You are viewing a plain text version of this content. The canonical link for it is here.
Posted to users@pdfbox.apache.org by giancarlo <gc...@gmail.com> on 2009/01/16 13:03:18 UTC
extracting indirect object stream...
I've been trying to extract an indirect object stream from a pdf file
with lots of libraries with no success.
I've discovered pdfbox and it seems the best for my aim.
Here a snippet from my pdf file:
558 0 obj
<</Contents 583 0 R/CropBox[0 0 595.22 842]/MediaBox[0 0 595.22
842]/Parent 29 0 R/Resources
<</ColorSpace <</CS0 563 0 R>>
/ExtGState <</GS0 568 0 R>>
/Font<</TT0 559 0 R/TT1 560 0 R/TT2 561 0 R/TT3 562 0 R>>
/ProcSet[/PDF/Text/ImageC]
/Properties<</MC0<</*MYKEY* 584 0 R>>/MC1<</SubKey 582 0 R>> >>
/XObject<</Im0 578 0 R>>>>
/Rotate 0/StructParents 0/Type/Page>>
endobj
...
...
584 0 obj
<</Length 8>>stream
1_22_4_1 ->>> I NEED THIS!
endstream
so, I have to extract the string contained by MYKEY indirect object.
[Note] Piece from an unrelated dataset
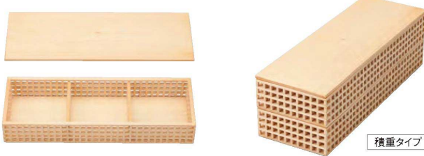
☎ 細目格子長角盛箱

How
can I do that?
Ok, I can get it working on python, for example using the pypdf library,
but I got stuck when I tryed to decrypt pdf files!
The only ones I can decrypt on python are the files encrypted by oldest
(very very very old) versions of acrobat.
Can anybody help me?
Thanks in advance
Giancarlo F.
p.s.: sorry for my bad english